Barry called me because he was talking with a large Swiss firm about a possible joint venture and needed some negotiation advice. The Swiss company wanted to exploit a special chemical formula developed by Barry’s firm to create an entirely new product line with enormous global sales potential. If consummated, the deal could dwarf Barry’s current operation and quickly lead to more than $100 million in profits.

  Barry was anxious for this deal to work, but he was having trouble moving the negotiations along. He was especially keen to decide whether he should be the first one to name a price for his firm’s chemical formula or wait for the Swiss company to open with its own valuation.

  Barry sent me copies of his correspondence with the Swiss firm and his notes from various face-to-face meetings. We then had several long discussions about the situation. The deal had many interesting business terms, price issues, and possible structures, but as I studied the situation I concluded that the most important strategic variables centered on relationships.

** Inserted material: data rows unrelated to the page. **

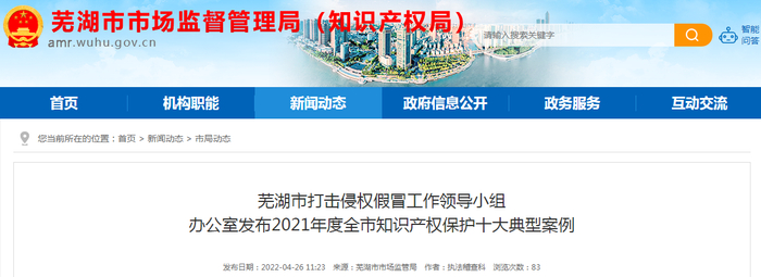 安徽省芜湖市发布2021年度知识产权保护十大典型案例
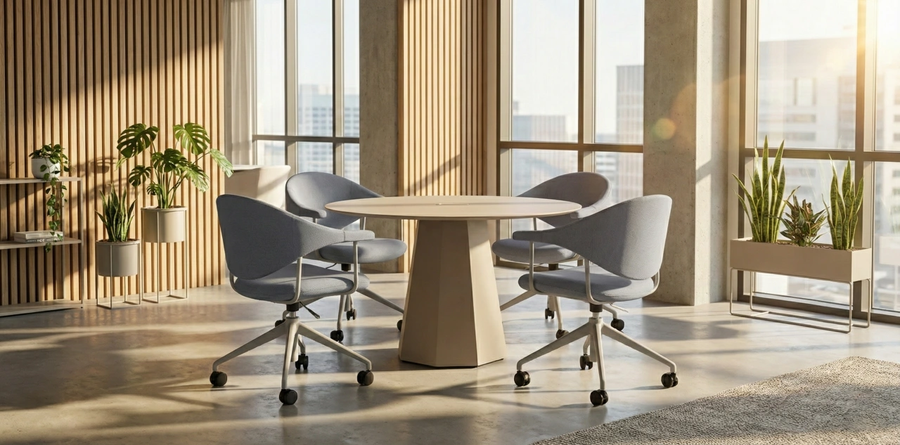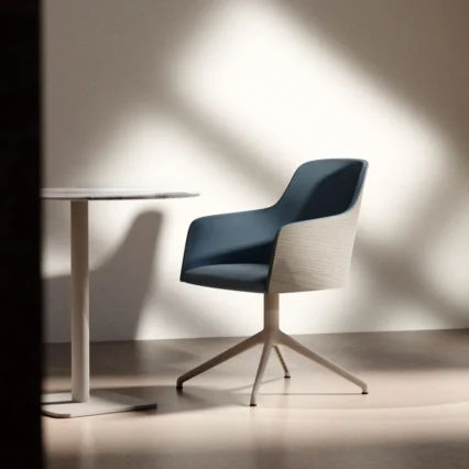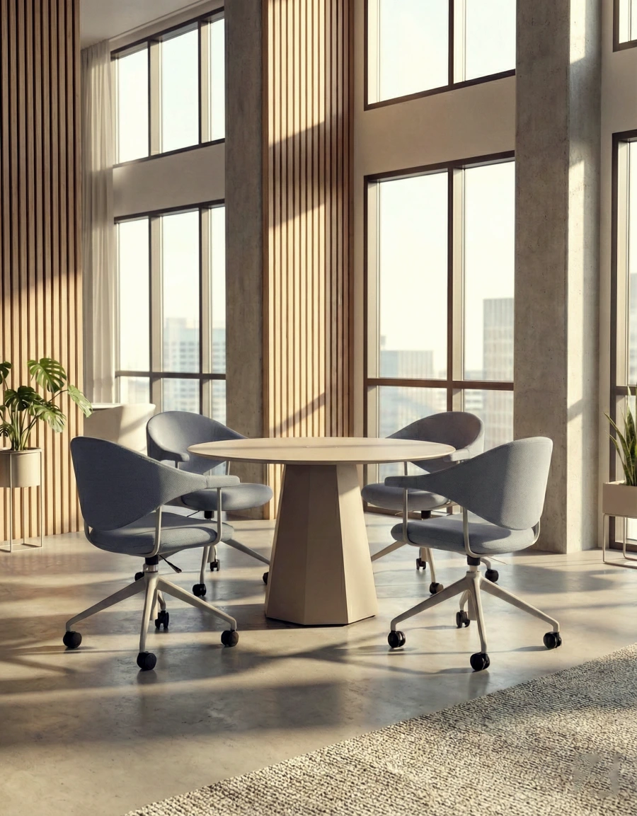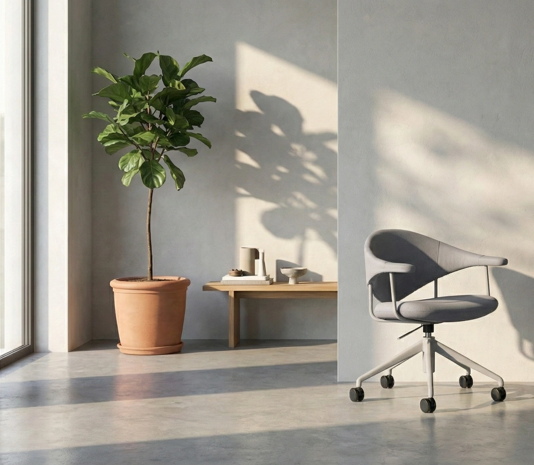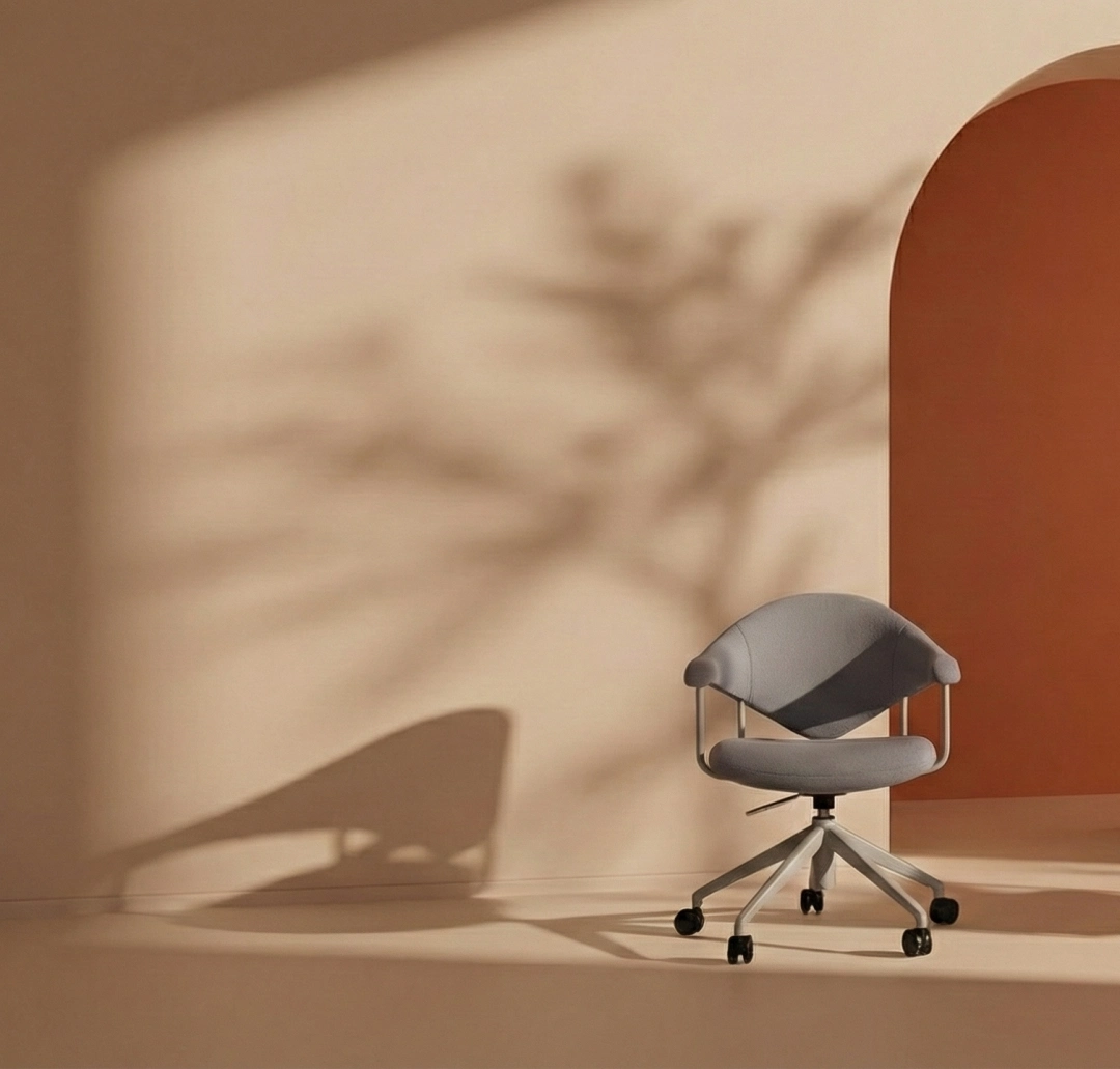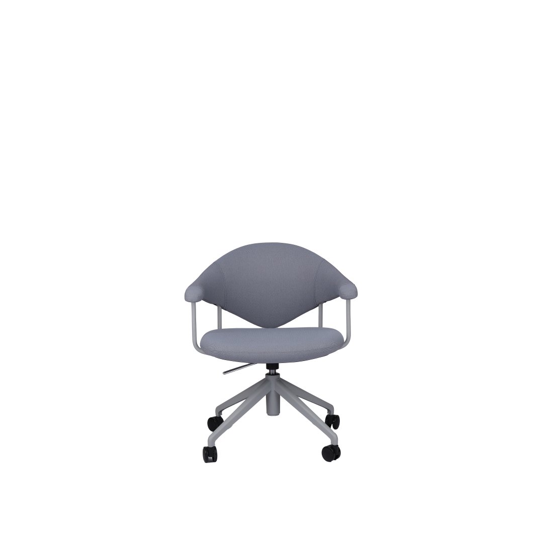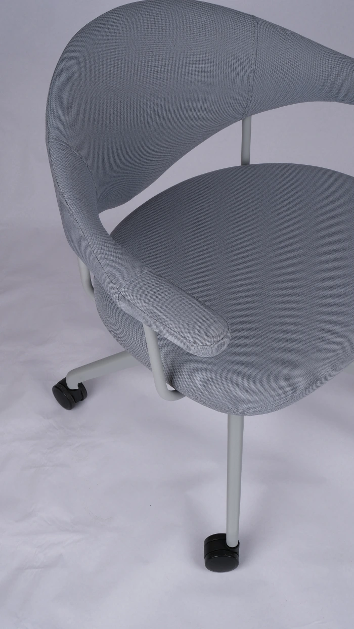 Its sculptural silhouette pairs a softly curved back with integrated armrests for supportive, all-day comfort, while a smooth-rolling castor base adds effortless mobility and a clean, modern stance. Offered in fabric, faux leather, or genuine leather to suit a wide range of interiors.
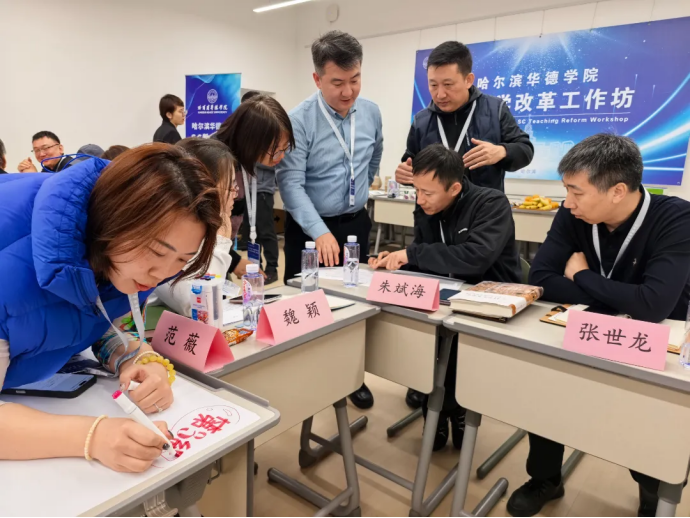 思想是行动的先导,思想破冰是SC教学改革的前提,核心在于打破教师主导、学生被动的固有思维桎梏。 哈尔滨华德学院通过搭建“专家引领+分层学习+实践探索”的理念传播体系,组织系统学习SC改革的核心内涵、方法论与实践案例,深入解 读布鲁姆认知模型、反向设计法等关键内容, 逐渐转变教育观念——从“关注教了什么”转向“关注学生学会了什么”,从单向灌输转向精准赋能。 如今,越来越多的一线教师跳出传统教学舒适区,主动探索SC教学模式,沉浸式融入到课程改革中,主动分享课程设计和教学理念,教学思想的深刻跃迁让局内局外人深刻认识到,改革不是“选择题”而是“必修课”,不是“形式创新”而是“本质革新”,切实凝聚全员参与、共建共享的改革共识。
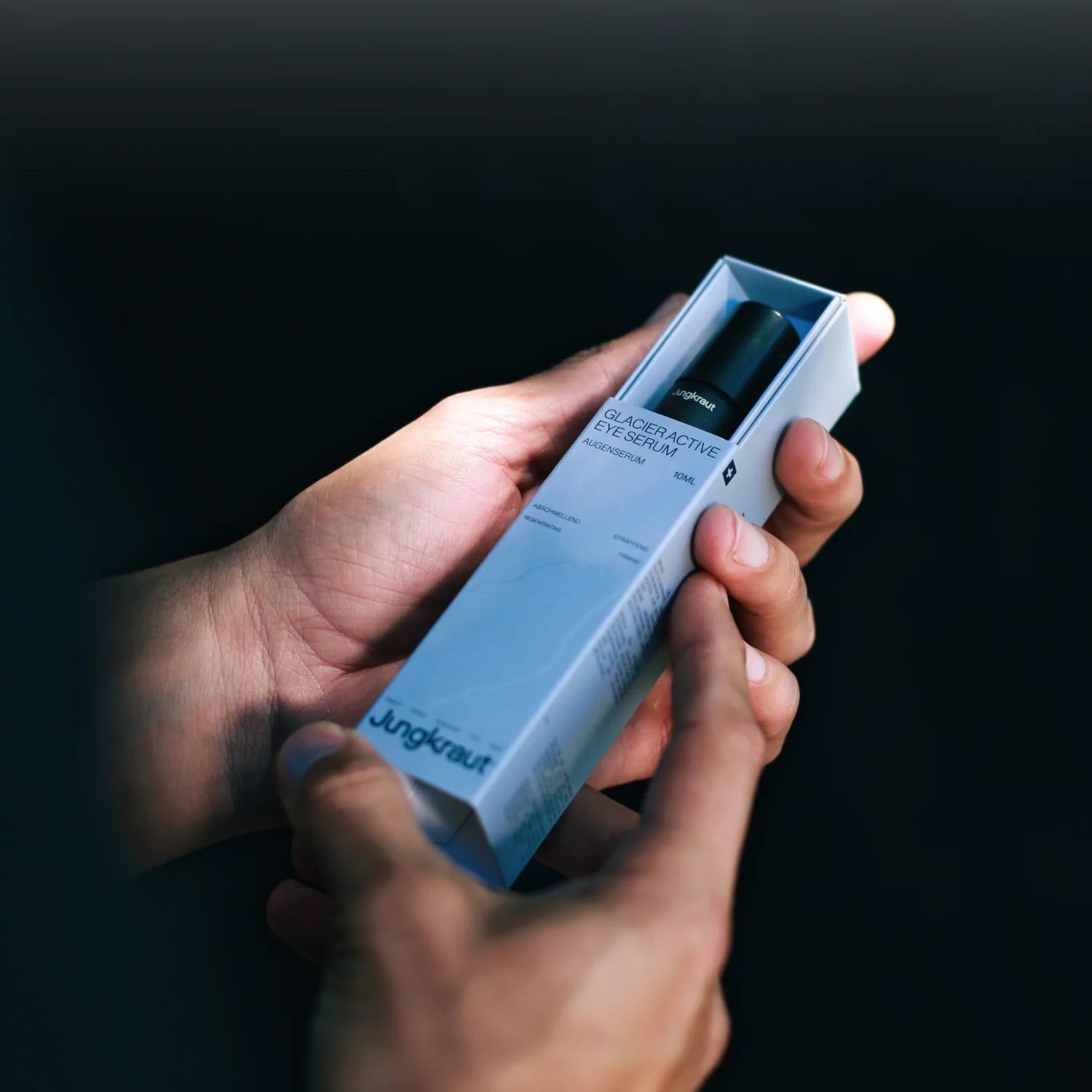 On average, the natural eye serum for men lasts around 6 months. However, this depends on your skincare routine and skin. Most customers use the eye serum 1-2 times a day, moving the roller several times under the eyes from the inside to the outside. The Glacier Active Eye Serum is very rich and highly concentrated. It is easy to dispense with the roll-on. A very small amount per care application is completely sufficient.
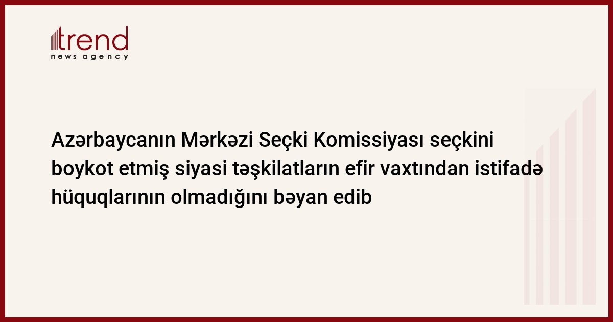 Azərbaycanın Mərkəzi Seçki Komissiyasının (MSK) mətbuat xidmətinin rəhbəri Azər Sarıyev isə, Trend -a bildirib ki, prezident seçkisində iştirak etməyən qurumların, o cümlədən siyasi təşkilatlar və onların səlahiyyətli nümayəndələrin həm ödənişli, həm də ödənişsiz efir vaxtından istifadə etmək hüquqları yoxdur.
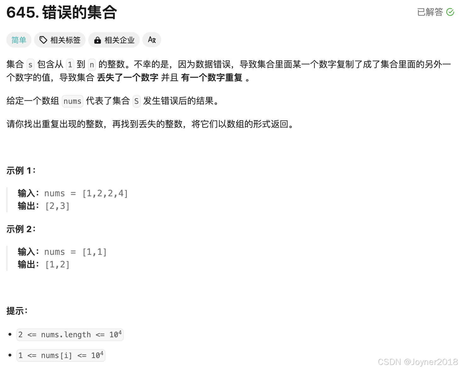 这个代码使用一个 set 来找到重复的数和丢失的数,时间复杂度为 O(n),空间复杂度也是 O(n)。如果想要优化空间,可以使用数学的方法(求和公式+求平方和公式)。如果你需要更高效的方法,欢迎讨论!
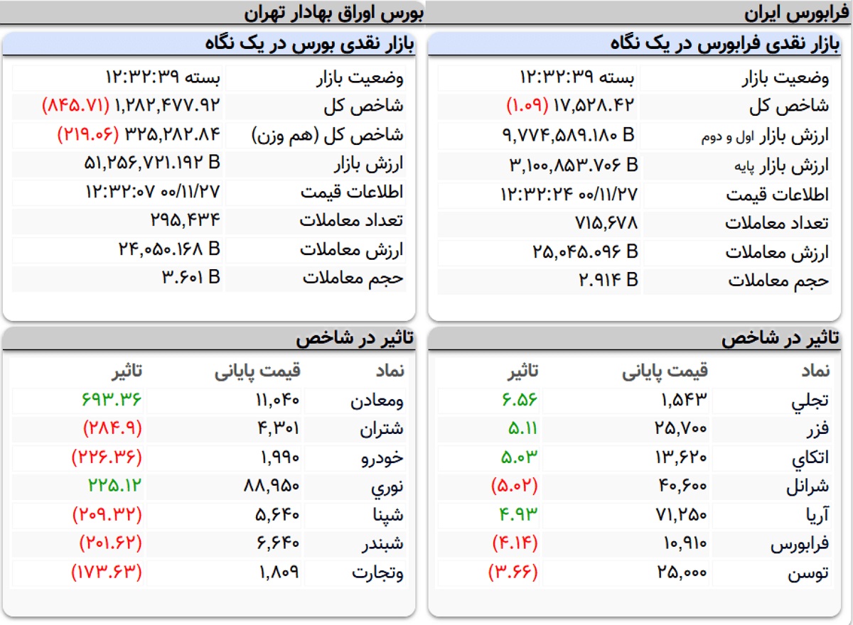 بر اساس این گزارش، در بازارهای فرابورس ایران هم با معامله ۲ میلیارد و ۹۲۸ میلیون ورقه بهارزش ۲ هزار و ۵۶۰ میلیارد تومان در ۷۱۶ هزار نوبت، شاخص فرابورس (آیفکس) یک واحد افت کرد و در ارتفاع ۱۷ هزار و ۵۲۸ واحد قرار گرفت.

  First, Barry and his counterpart—a Swiss executive who was slightly older than he was—had been strangers to each other prior to the Swiss firm’s inquiry regarding Barry’s technology. As I reviewed the correspondence, I was struck by the collegial tone and “we can work it out” spirit that underlay virtually everything the Swiss executive—I’ll call him Karl—said or wrote. Barry’s responses, by contrast, had a very competitive, defensive air, focusing on matters such as possible disputes in the future and the risk that the Swiss company might steal Barry’s technology. From the workshop, I knew that Barry was a competitive type—and he was running true to form.

  In addition, Barry’s notes reflected his frustration at not being able to get Karl to talk specifics about the deal at various meetings. Barry suspected that Swiss companies were secretive and that this one might have a hidden agenda.

  I did not discount the possibility that something suspicious was going on in Zurich, but competitive people like Barry have trouble taking others at face value. Although it pays to be prudent, people are sometimes exactly what they seem. I questioned Barry closely about Karl’s behavior in the casual conversations and social situations they had shared. I then made an informed guess about Karl—that he was a genuine problem solver who could be both fair and creative if Barry would only give him a chance.

  I advised Barry to relax and begin approaching Karl as a possible confederate rather than as a potential pickpocket.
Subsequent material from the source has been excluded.